By just nofollowing everything, they disincentivize people from even being tempted to game the system and promote their own stuff, even if it were done in a helpful way. Instead, I am incentivized to provide the most useful, comprehensive link I can find to answer a question. All my incentive is in earning an acceptance of my answer, rather than just in having an answer good enough to not not get spam-binned that sits there and feeds me pagerank.


I have seen reputable open source software developers put paid linkspam on their personal websites. When I called them out about it, they said "ha ha, I was wondering if anyone would notice that, yeah, they paid me a pretty good amount of money for that."

Trusted contributors could easily be bought off. Someone who was sick and tired of StackOverflow after putting way too much time into it, who was offered the right amount of money? Hey, you know, it might be worth it to make a few bucks instead of a few more meaningless internet points.

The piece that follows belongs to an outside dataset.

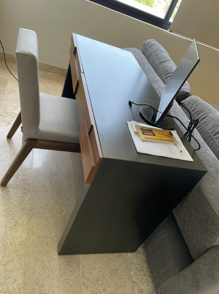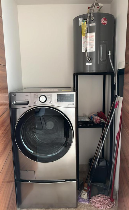 Cocina integral con parrilla eléctrica, campana extractora y cubierta de granito.

If you just make the threshold so high that only the very top contributors are nofollowed, then only that small cabal controls where SO's considerable linkjuice goes. If you broaden your criteria, there are more and more potential corruptible people; and it becomes easier to generate a little quick and easy reputation with a sockpuppet that you can spam with a few times before you're caught and move on to another sockpuppet.